There's a little bit of ore here to mine (there are philosophical accounts of natural meaning, for example; see Paul Grice), but he mostly seems to just believe in a transcendental signified, and missed the boat on how incredibly rich the consequences of e.g. J. L. Austin and late Wittgenstein are for how we think about language.

Grice and Wittgenstein are good starts, but Cassirer, Basil Bernstein, Halliday, Reddy, Lakoff, Winograd, Stitch, Ryle, Givon, Deacon, Fontaine all weigh in on the notion that language doesn't cohere meaning. Each offers a different variation on whether any symbol, metaphor, grammar actually holds or refers to semantic. When animal signals are considered, we get to see specific signals in action (Rendall, Cheyney, Hauser) and it's here the conduit metaphor's glaring paradox becomes evident, even for speech.

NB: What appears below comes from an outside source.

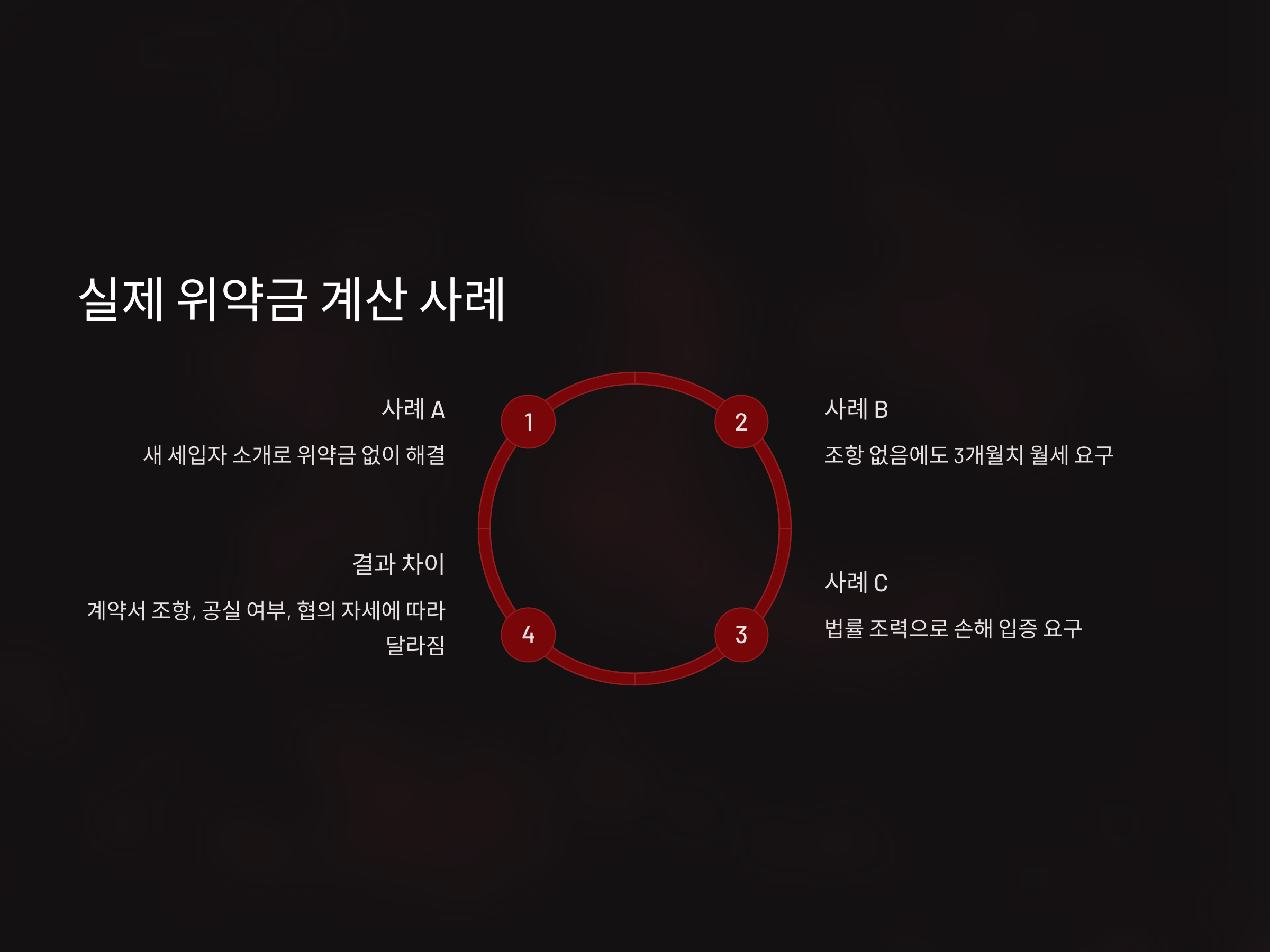 이처럼 실제 분쟁 사례를 보면, 계약서 조항의 유무와 공실 여부, 세입자의 협의 자세에 따라 위약금의 크기나 발생 여부가 달라지는 것을 알 수 있습니다.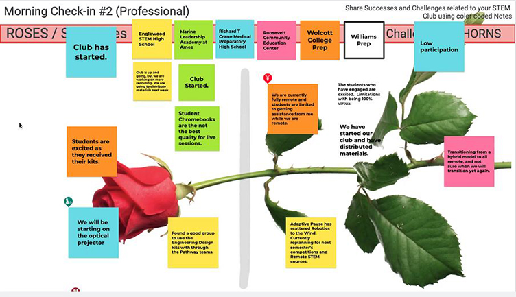 The agenda for the day included a mix of lectures/videos; participant sharing via Zoom text comments, posting reflections on the Jamboard, and face-to-face discussion both to the entire group and in breakout rooms; and hands-on activities. For instance, during an Engineering Design session led by Amari Simpson, he guided a discussion about a shared article using a text-rendering protocol where educators manipulated information from the text based on what stood out to them individually. They wrapped up the session with individuals sharing their takeaways and discussing other resources for STEM clubs.

If an utterance can never generate the same or extremely similar metal state that generates an action repeatedly, then the utterance is arbitrary, it's for all better purposes meaningless.

It's not a "banal claim" it's the foundational property of language that excludes it from any biological specificity (direct relationship to survival).

“There is nothing red about the word red, and the word big is itself rather small.” (Cuskley, Simner, & Kirby)

https://www.sciencedirect.com/science/article/abs/pii/S00033...

I don't disclose affiliations here, that's the beauty of HN. I get to keep my anonymity to explore.

A start-up that replaces the symbolic engages with specifics in signals in the record (animals, entoptics, onomatopoeia, calendrical signs, action-syntax externals, cinematic action-glyphs) and figures out what representations veer referential and offers concatenation.

The idea that language refutes itself is as old as the pre-socratics. I won't go into the detailed history here, but there are 1000s of reference for this statement. I'll use Cassirer's, which is pretty succinct.

..at some point a direct contact must occur between knowledge and reality. If we succeed in freeing ourselves from all these interpretations – if we above all succeed in removing the veil of words, which conceals the true essence of things, then at one stroke we shall find ourselves face to face with the original perceptions..

Ernst Cassirer The Philosophy of Symbolic Forms

Freeing ourselves from the veil of words is theoretically equivalent to language's ultimate function is to refute itself.

CS is computer science.

btw it's clear the drive to encapsulate in plain English was and is the achilles heel to CS, coders are forced to finger point using characterizations of "word salad" at scientifically complex theories and analytic ideas.